# Manual shift knob.



## Throhhhh (Apr 16, 2019)

Hey everyone! Just picked up a 2016 Cruze LS manual transmission. And honestly I have never thought about changing the shift knob. But looking at these after market okay I kinda wanna do it. Is there any tips or tricks I can use to take it off? I tried turning counter clockwise and it didn’t budge. And also wanted to put a short throw shifter in. Would it be possible with having to hold a button to put it in reverse?


----------



## TheCruzen (Dec 17, 2017)

Some shift knobs (like on my 2012 ECO) just pull off, others (like the verano shifter) have a locking collar hidden under the shift boot. Reverse lockout is a function of the shifter assembly itself and therefor changing shifters would most likely get rid of that safety feature. I would suggest getting short throw linkage instead of a true short shifter, like these from 4htech sold by bnr 

2016+ M32 Short Shifter Q2-Shift 
http://store.badnewsracing.net/2013--2016-M32-Short-Shifter-L-Shift_p_227.html

I have the f40 version on my 2.0T swapped Cruze and I love it.


----------



## Throhhhh (Apr 16, 2019)

TheCruzen said:


> Some shift knobs (like on my 2012 ECO) just pull off, others (like the verano shifter) have a locking collar hidden under the shift boot. Reverse lockout is a function of the shifter assembly itself and therefor changing shifters would most likely get rid of that safety feature.

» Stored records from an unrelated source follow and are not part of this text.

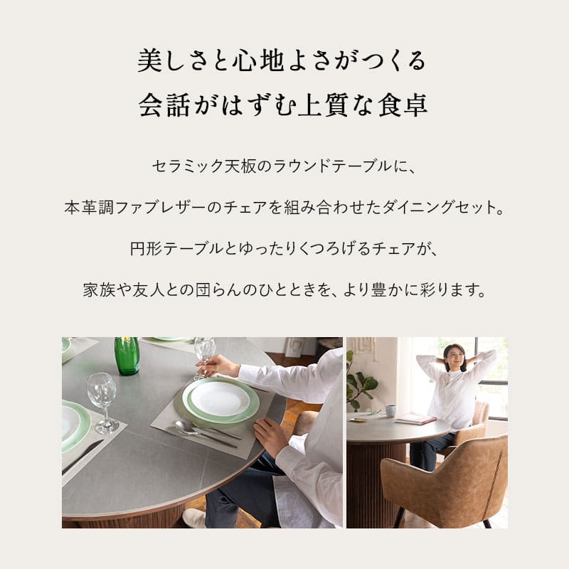 円形の石目調セラミック天板テーブルと本革調ファブレザーチェアを組み合わせた、高級感あふれる5点セットです。
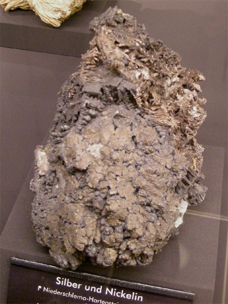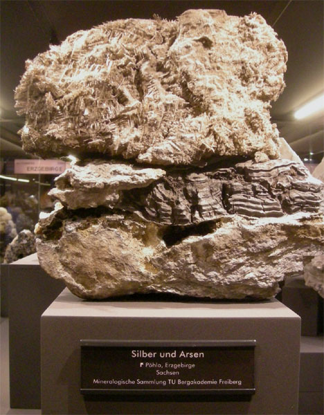 Silberdendriten (oben) auf schaligem Arsen (rechts am Salband).
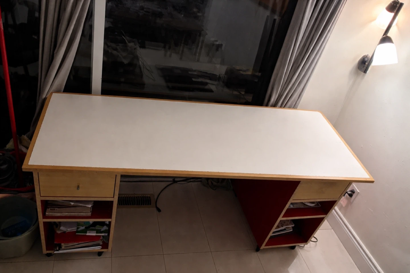 Selling a desk with a white top and storage on either side. It has a clean look and would be great for a home office or study space! It is in used condition but still fully functional and aesthetically pleasing. Please note that the top is NOT glued or screwed into the storage shelves on the sides, so the more weight you keep on either side of the desk the better.
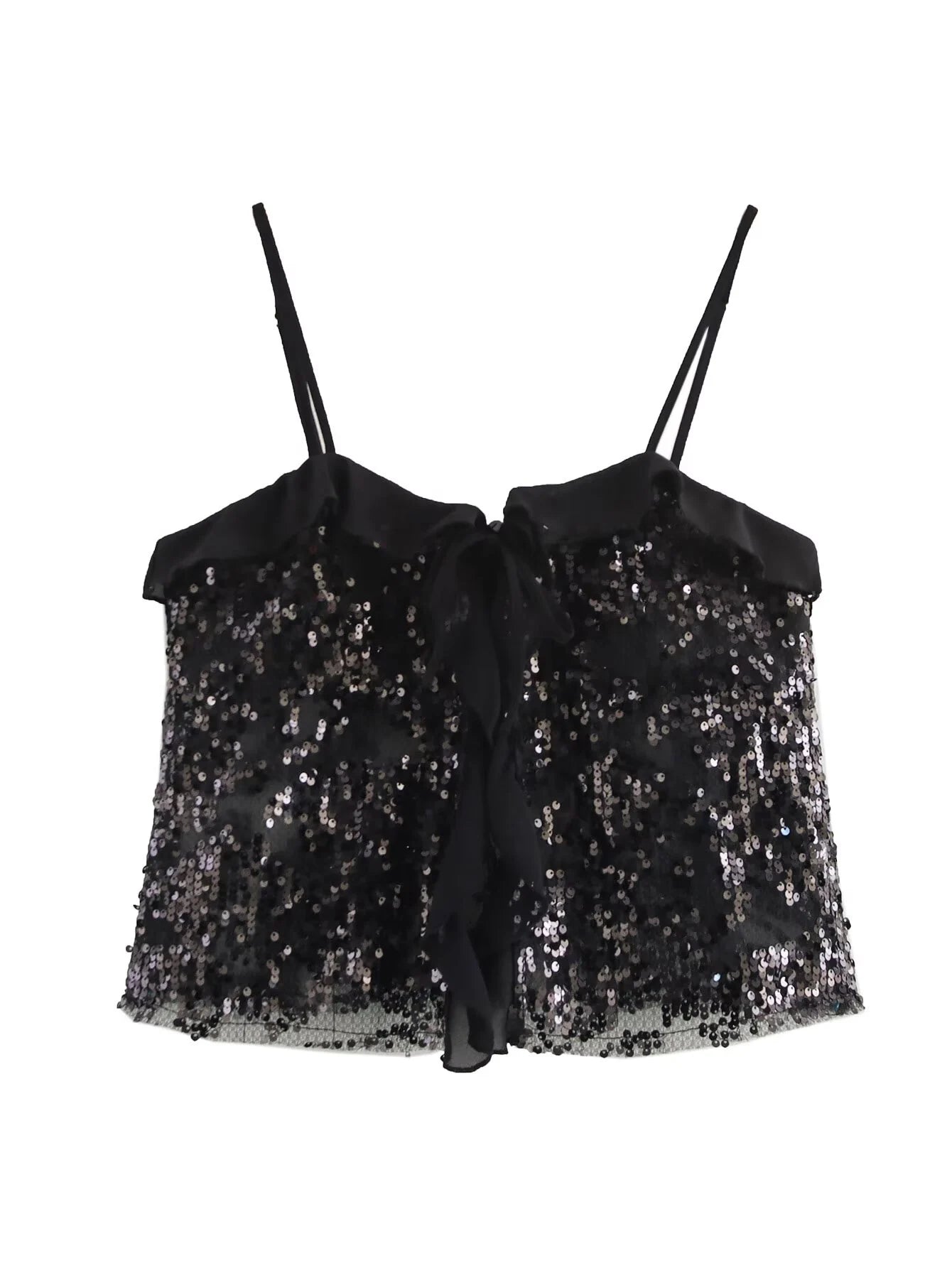 This eye-catching short suspender vest features sparkling sequin details and a charming bow tie accent. Perfect for creating a retro-inspired look with modern appeal for summer occasions.
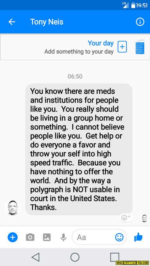 Call and report your bully story. Do not be afraid. Call and tell us who when and where.
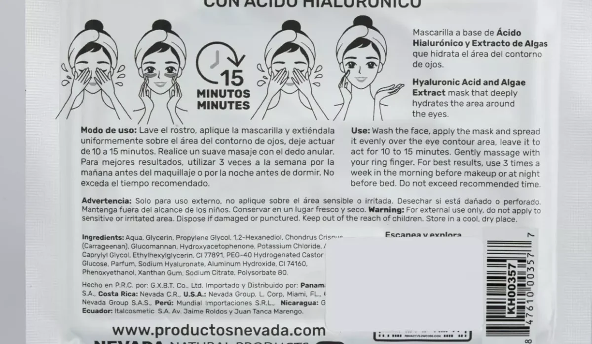 MASCARILLA CONTORNO DE OJOS NEVADA ÁCIDO HIALURÓNICO 6G
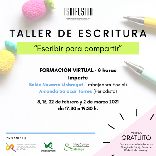 La Revista TSDifusión, compuesta por los Colegios de Trabajo Social de Cádiz, Huelva y Málaga, ha organizado una formación virtual para dotar de herramientas prácticas a las personas colegiadas para el ejercicio de la escritura como medio de construcción y divulgación de conocimiento propio de nuestra profesión.
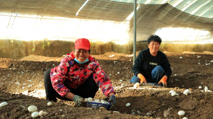 3月10日,走进河南驻马店驿城区胡庙乡臧集村的河南启慧农业科技有限公司双孢菇培育基地。春风温暖,关怀地拂过这片地盘,连片的大棚整都有序地成列着,在明媚阳光的照耀下,荒疏着浅浅的光芒,仿佛在诉说着丰充的但愿。
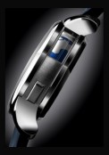 | Plus de caractéristiques : | Mouvement avec tourbillon breveté Diamètre: 36.40 mm Epaisseur: 9.80 mm Mouvement complet: 443 composants Cage de tourbillon: 87 composants Poids de la cage: 0.36 g 50 rubis Rubis dans des chatons en or Réserve de marche : 72 heures Deux barillets coaxiaux en série à rotation rapide Balancier à inertie variable avec vis réglantes en or Fréquence : 21’600 alternances/heure Spiral avec courbe terminale de Phillips Platines et ponts en maillechort perlées. grenées Cage de tourbillon inclinée à 25°: 1 rotation en 24 secondes Piliers de cage en Avional Ponts en titane Masse d’équilibrage en or Boîtier Poussoir latéral en or gris comportant une gravure «GMT» sur fond martelé main Gravure en relief «Greubel Forsey» sur le fond martelé main Numéro individuel gravé à la main sur le fond Bracelet en alligator bleu ou noir. cousu main Boucle déployante en or gris. logo Greubel Forsey gravé à la main |
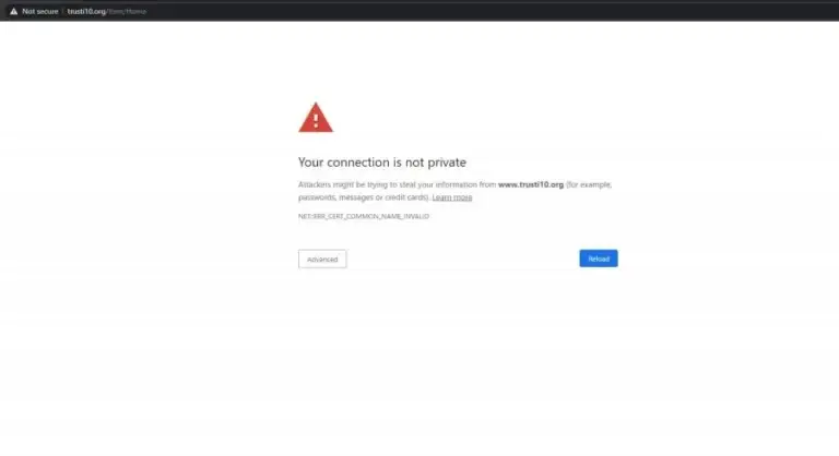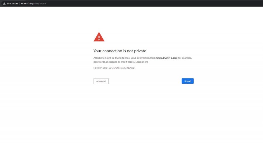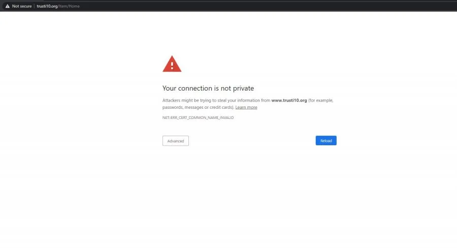 “Lidhja juaj nuk është private. Sulmuesit mund të jenë duke provuar që të vjedhin informatat tuaja nga ‘www.trusti10.org’ (shembull: fjalëkalimet, mesazhet apo kredit kartat)”, është teksti që shfaqet kur klikoni këtë faqe që tashmë ka rënë.
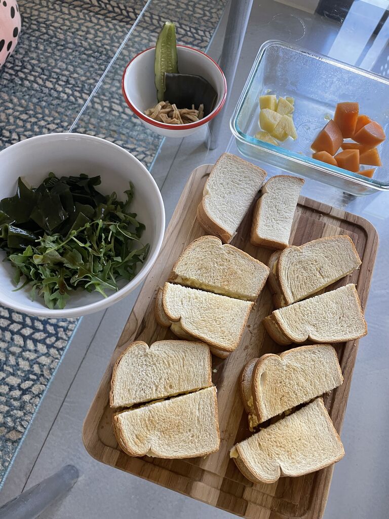 「パンと卵とマヨネーズを使い切りたい」がテーマで卵サンドでした。
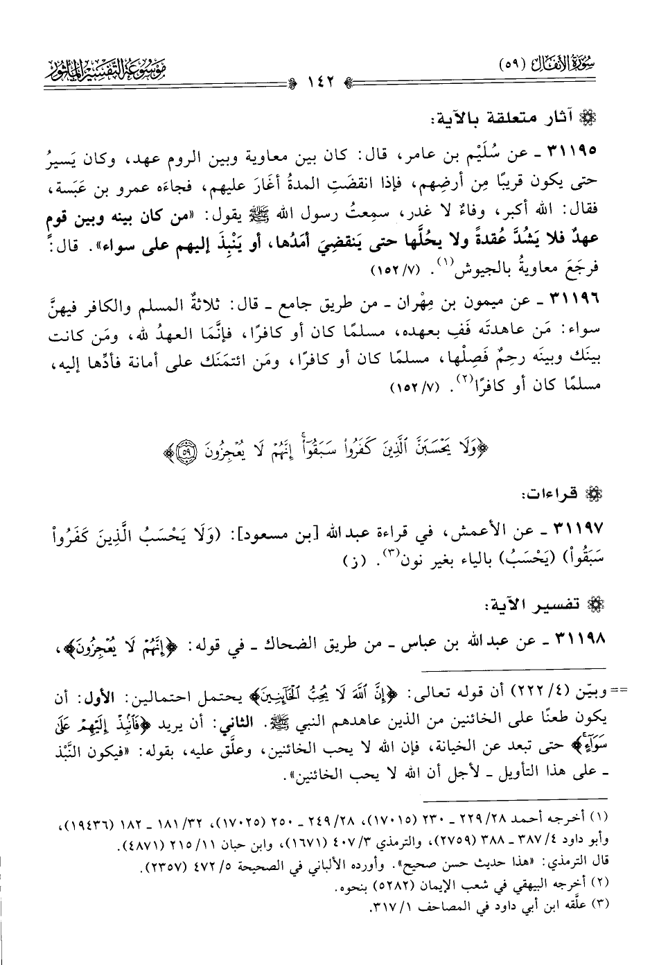 ٣١١٩٥ - عن سُلَيْم بن عامر، قال: كان بين معاوية وبين الروم عهد، وكان يَسيرُ حتى يكون قريبًا مِن أرضِهم، فإذا انقضَتِ المدةُ أغارَ عليهم، فجاءَه عمرو بن عَبَسة، فقال: الله أكبر، وفاءٌ لا غدر، سمِعتُ رسول الله - صلى الله عليه وسلم - يقول: «من كان بينه وبين قومٍ عهدٌ فلا يَشُدَّ عُقدةً ولا يحُلَّها حتى يَنقضِيَ أمَدُها، أو يَنْبِذَ إليهم على سواء». قال: فرجَعَ معاويةُ بالجيوش (¬١). (٧/ ١٥٢)

I would suggest getting short throw linkage instead of a true short shifter, like these from 4htech sold by bnr
> 
> 2016+ M32 Short Shifter Q2-Shift
> http://store.badnewsracing.net/2013--2016-M32-Short-Shifter-L-Shift_p_227.html
> ...



If i have the non-turbo 1.4 would i still use the first one?


----------



## TheCruzen (Dec 17, 2017)

https://www.short-shifters.com/service/m32-transmission-shifter-differences/


----------